(TO DO) Leave out the pictures and retype exactly the lines from the one with "В ГБУ ОО ЗО" through the end of the records.

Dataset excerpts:
::::::::

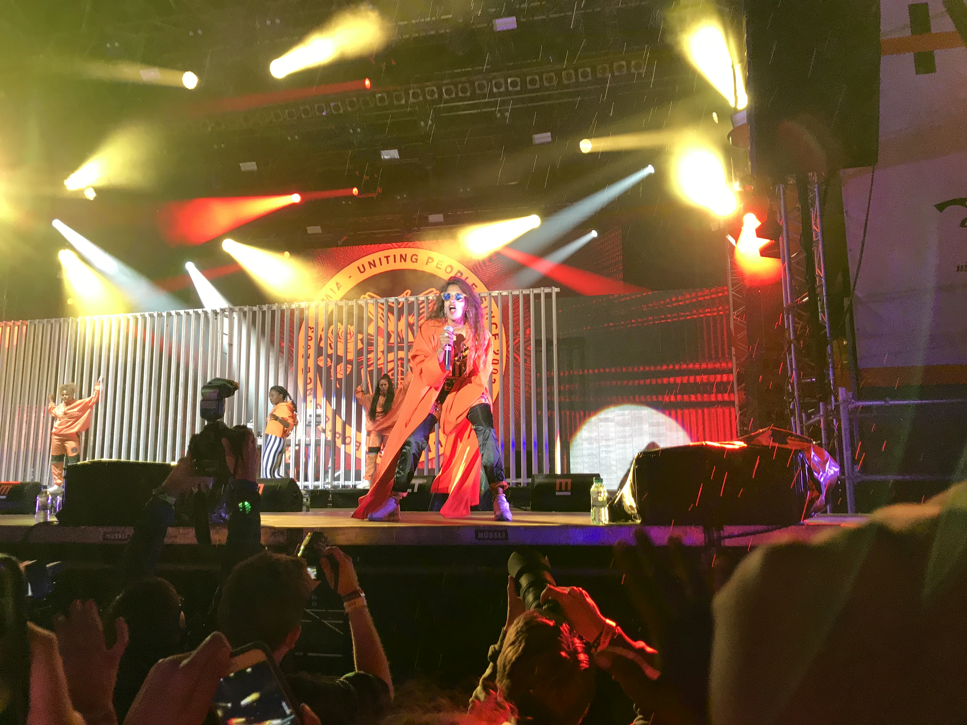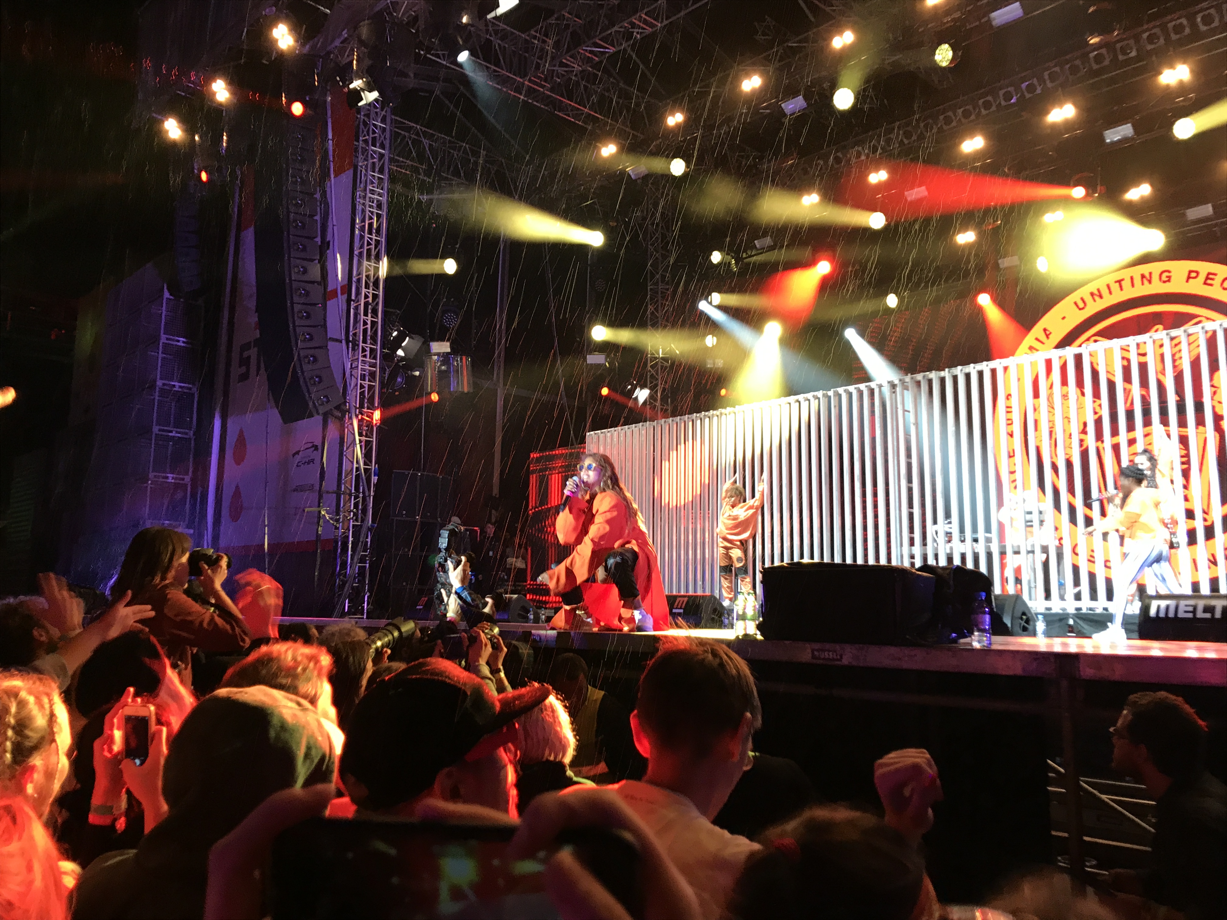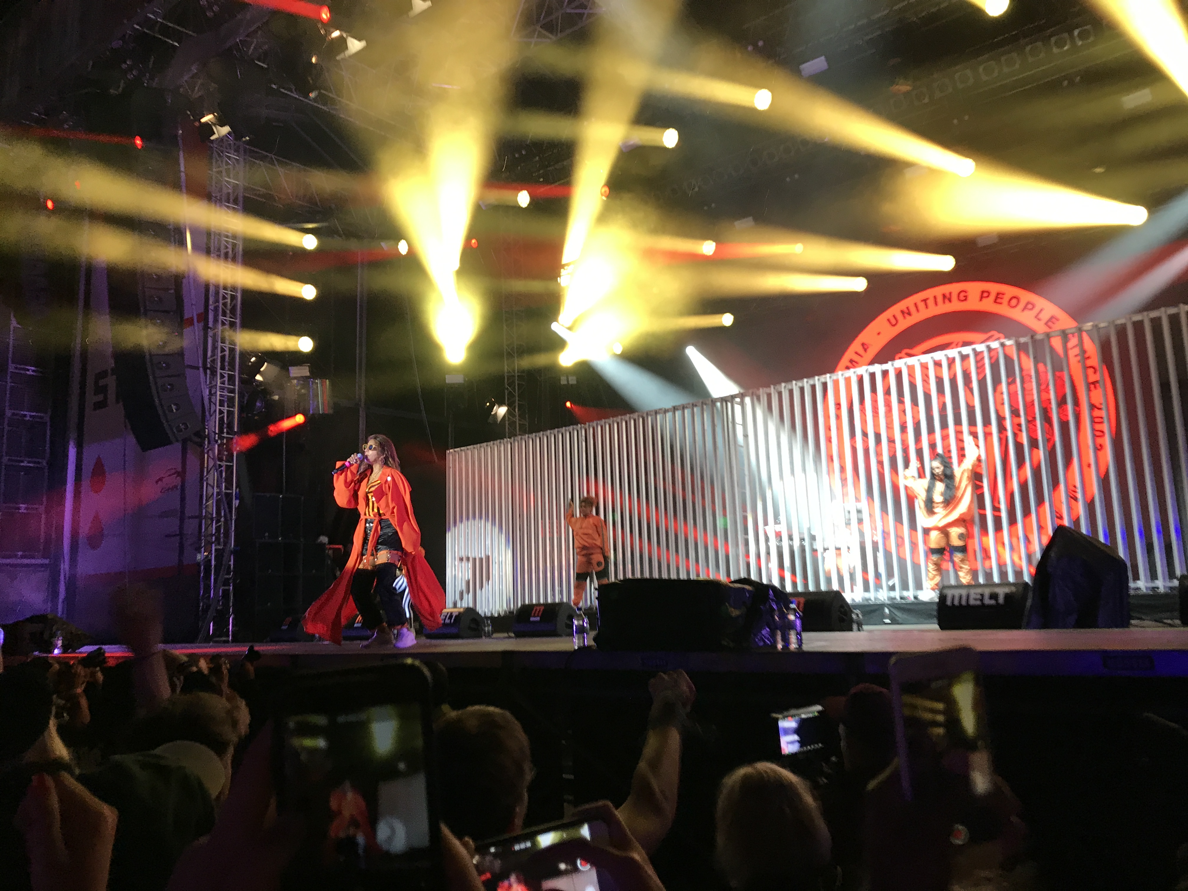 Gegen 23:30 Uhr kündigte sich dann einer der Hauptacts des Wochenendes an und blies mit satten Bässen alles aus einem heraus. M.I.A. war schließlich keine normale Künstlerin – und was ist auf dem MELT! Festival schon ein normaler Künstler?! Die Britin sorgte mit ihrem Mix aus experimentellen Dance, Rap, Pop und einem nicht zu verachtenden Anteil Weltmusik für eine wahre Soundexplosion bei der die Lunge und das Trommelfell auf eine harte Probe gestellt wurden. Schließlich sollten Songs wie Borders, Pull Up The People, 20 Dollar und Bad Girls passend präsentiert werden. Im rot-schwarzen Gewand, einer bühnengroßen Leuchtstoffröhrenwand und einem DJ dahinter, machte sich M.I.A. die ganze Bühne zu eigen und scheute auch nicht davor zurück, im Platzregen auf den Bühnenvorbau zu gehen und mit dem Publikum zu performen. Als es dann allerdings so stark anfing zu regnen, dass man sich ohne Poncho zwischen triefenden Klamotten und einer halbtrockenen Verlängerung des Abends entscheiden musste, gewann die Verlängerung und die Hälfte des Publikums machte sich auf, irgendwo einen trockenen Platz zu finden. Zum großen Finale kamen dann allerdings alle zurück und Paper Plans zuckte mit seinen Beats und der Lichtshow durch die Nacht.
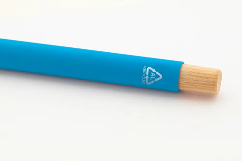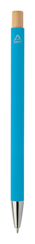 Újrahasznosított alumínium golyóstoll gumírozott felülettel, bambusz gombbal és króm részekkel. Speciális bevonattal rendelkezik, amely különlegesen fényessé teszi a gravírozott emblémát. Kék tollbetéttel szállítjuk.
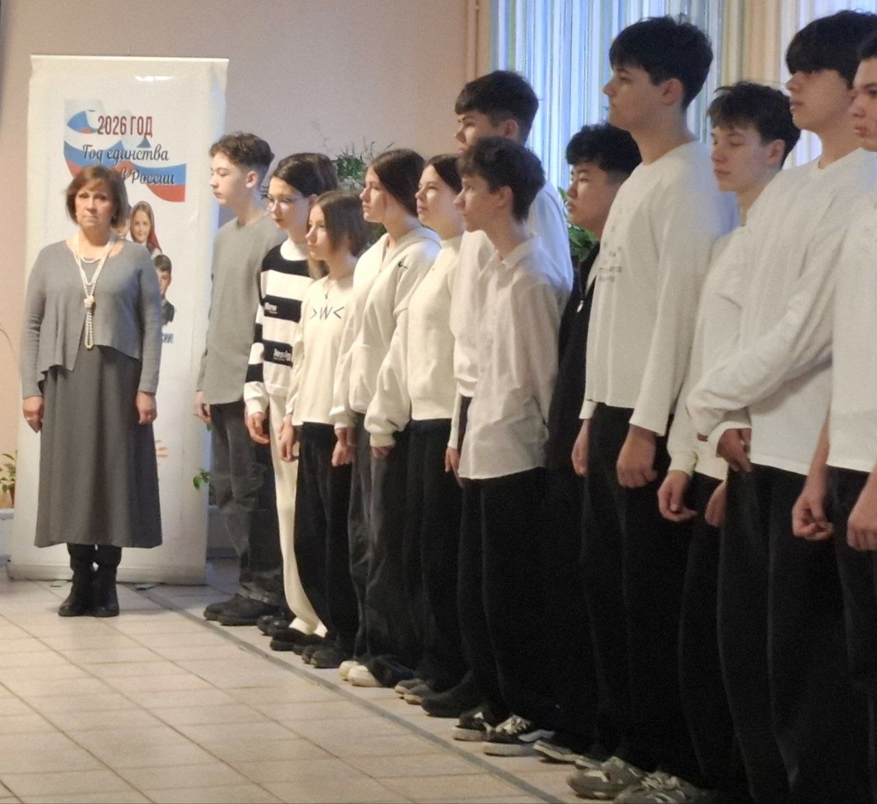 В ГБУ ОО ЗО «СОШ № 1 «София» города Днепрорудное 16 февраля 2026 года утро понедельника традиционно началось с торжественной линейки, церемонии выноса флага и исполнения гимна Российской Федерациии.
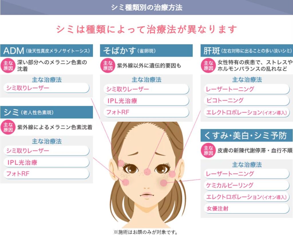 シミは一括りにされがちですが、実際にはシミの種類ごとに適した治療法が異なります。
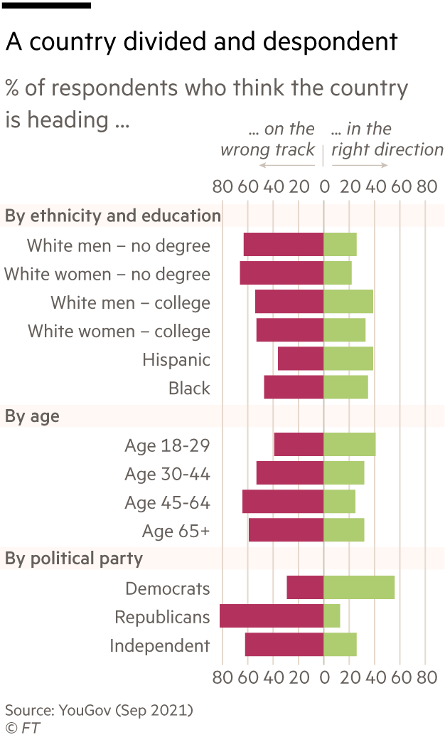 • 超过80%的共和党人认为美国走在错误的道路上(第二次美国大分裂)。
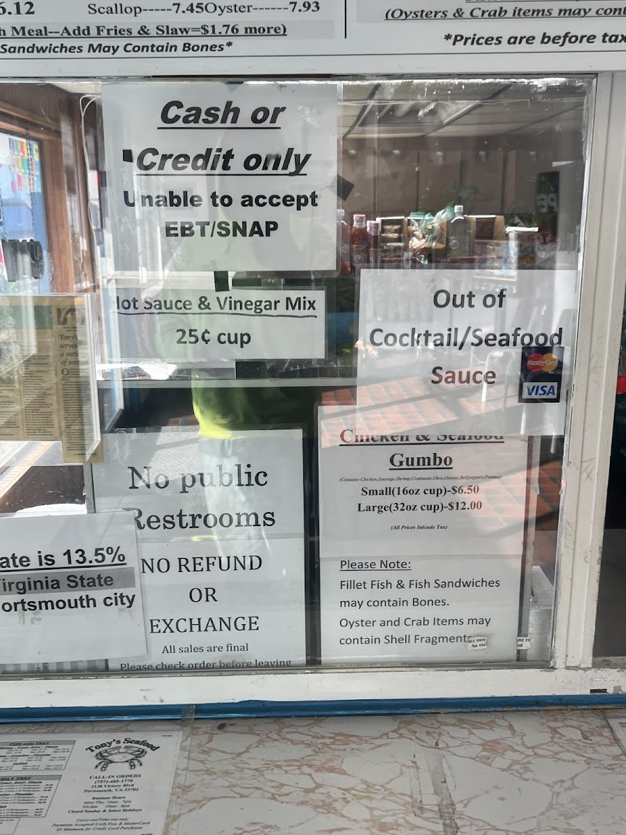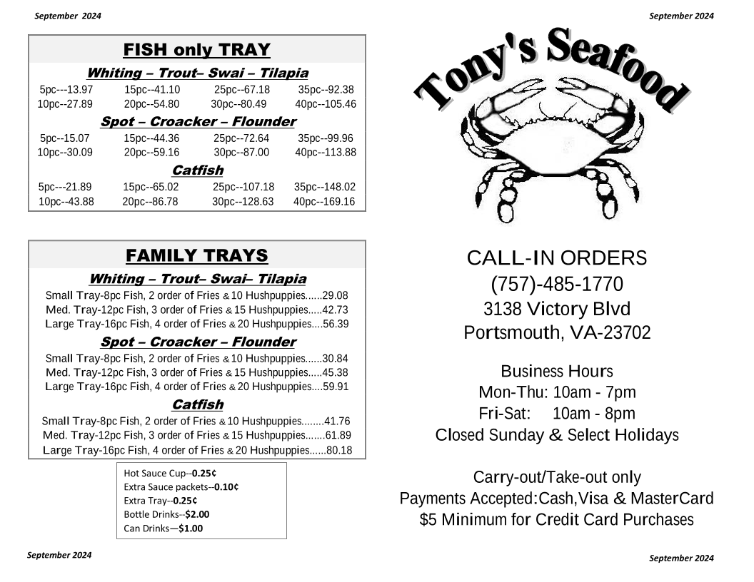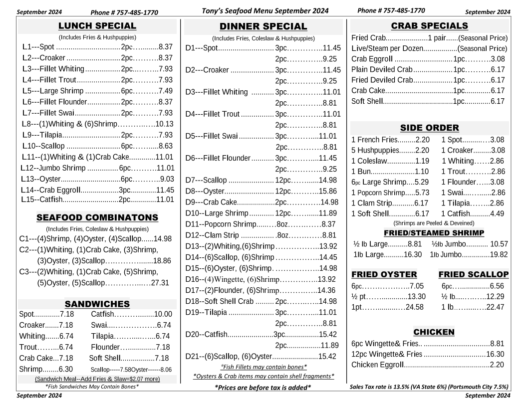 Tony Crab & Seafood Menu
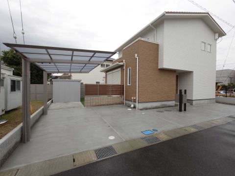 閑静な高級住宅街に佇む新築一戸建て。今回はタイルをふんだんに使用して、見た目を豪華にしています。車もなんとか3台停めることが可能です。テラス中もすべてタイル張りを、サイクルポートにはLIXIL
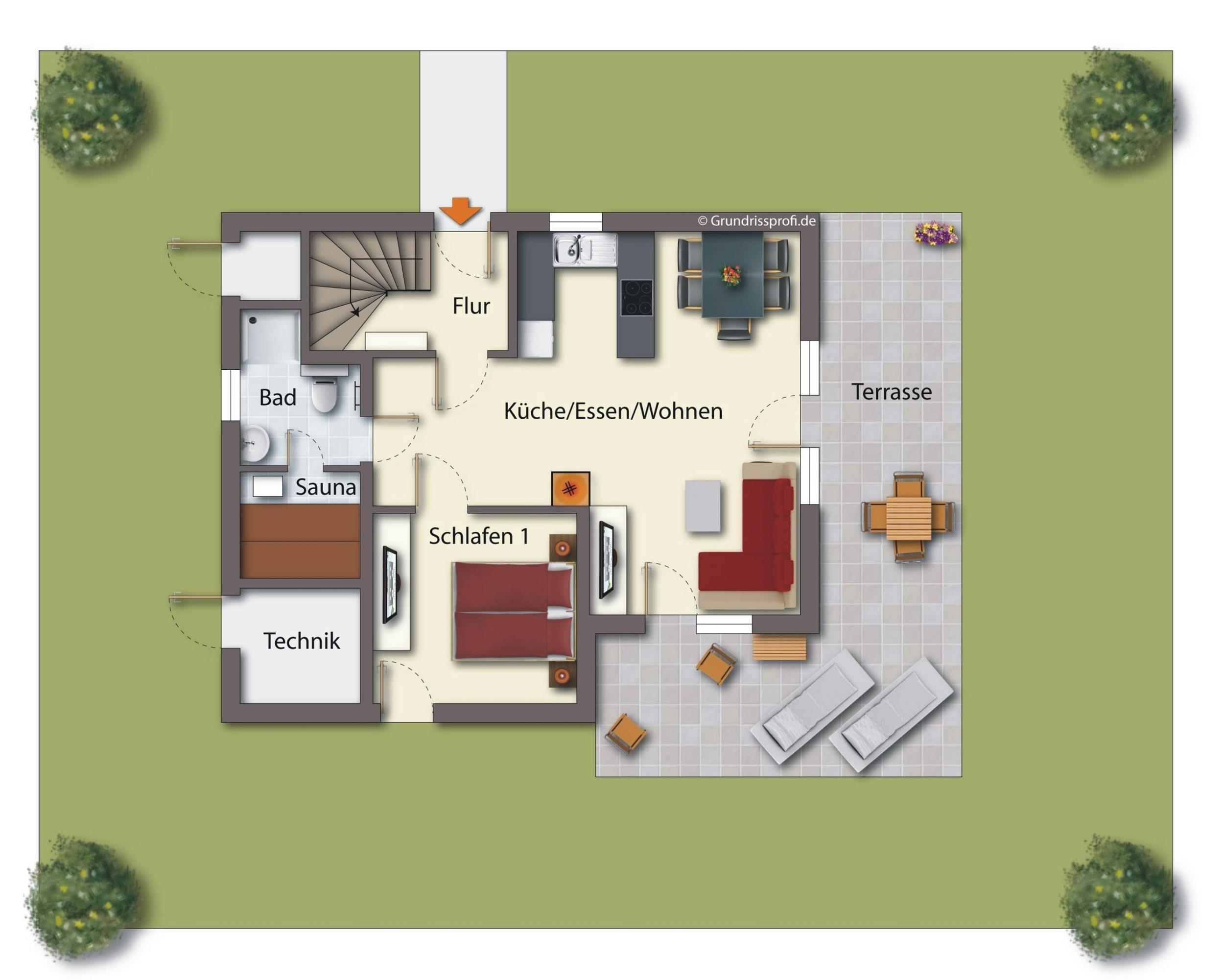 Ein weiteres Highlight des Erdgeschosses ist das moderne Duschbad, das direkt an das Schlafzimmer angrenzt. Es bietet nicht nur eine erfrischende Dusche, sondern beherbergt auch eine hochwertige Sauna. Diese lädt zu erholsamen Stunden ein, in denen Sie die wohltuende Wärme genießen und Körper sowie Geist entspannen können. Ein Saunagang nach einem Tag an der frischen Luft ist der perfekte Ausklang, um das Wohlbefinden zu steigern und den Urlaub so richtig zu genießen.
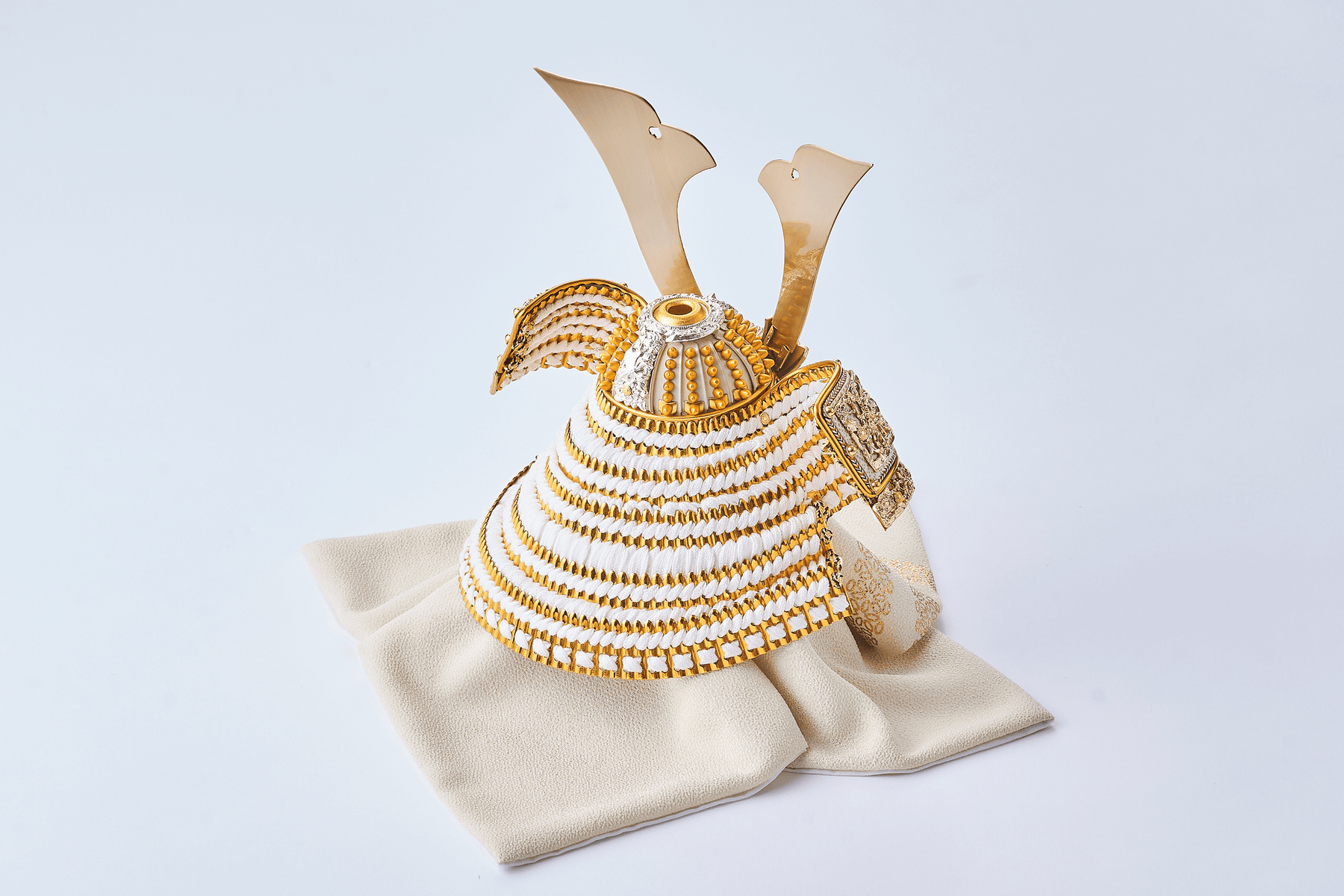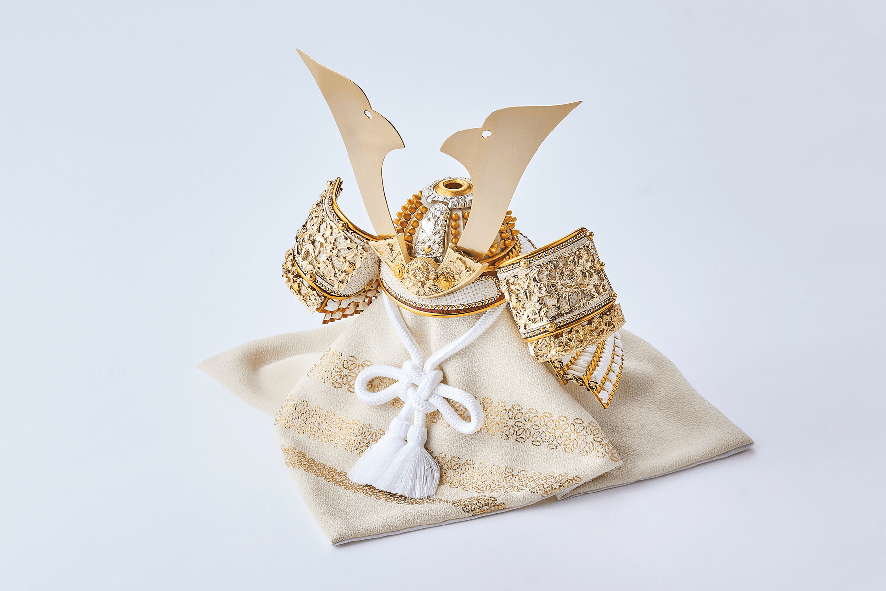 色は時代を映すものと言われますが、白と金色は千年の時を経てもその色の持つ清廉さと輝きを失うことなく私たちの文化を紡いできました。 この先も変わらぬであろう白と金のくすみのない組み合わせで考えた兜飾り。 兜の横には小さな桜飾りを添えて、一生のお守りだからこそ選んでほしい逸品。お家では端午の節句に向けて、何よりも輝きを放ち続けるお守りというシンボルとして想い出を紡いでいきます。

::::::::

(TASK ANSWER)
 В ГБУ ОО ЗО «СОШ № 1 «София» города Днепрорудное 16 февраля 2026 года утро понедельника традиционно началось с торжественной линейки, церемонии выноса флага и исполнения гимна Российской Федерациии.
 シミは一括りにされがちですが、実際にはシミの種類ごとに適した治療法が異なります。
 • 超过80%的共和党人认为美国走在错误的道路上(第二次美国大分裂)。
 Tony Crab & Seafood Menu
 閑静な高級住宅街に佇む新築一戸建て。今回はタイルをふんだんに使用して、見た目を豪華にしています。車もなんとか3台停めることが可能です。テラス中もすべてタイル張りを、サイクルポートにはLIXIL
 Ein weiteres Highlight des Erdgeschosses ist das moderne Duschbad, das direkt an das Schlafzimmer angrenzt. Es bietet nicht nur eine erfrischende Dusche, sondern beherbergt auch eine hochwertige Sauna. Diese lädt zu erholsamen Stunden ein, in denen Sie die wohltuende Wärme genießen und Körper sowie Geist entspannen können. Ein Saunagang nach einem Tag an der frischen Luft ist der perfekte Ausklang, um das Wohlbefinden zu steigern und den Urlaub so richtig zu genießen.
 色は時代を映すものと言われますが、白と金色は千年の時を経てもその色の持つ清廉さと輝きを失うことなく私たちの文化を紡いできました。 この先も変わらぬであろう白と金のくすみのない組み合わせで考えた兜飾り。 兜の横には小さな桜飾りを添えて、一生のお守りだからこそ選んでほしい逸品。お家では端午の節句に向けて、何よりも輝きを放ち続けるお守りというシンボルとして想い出を紡いでいきます。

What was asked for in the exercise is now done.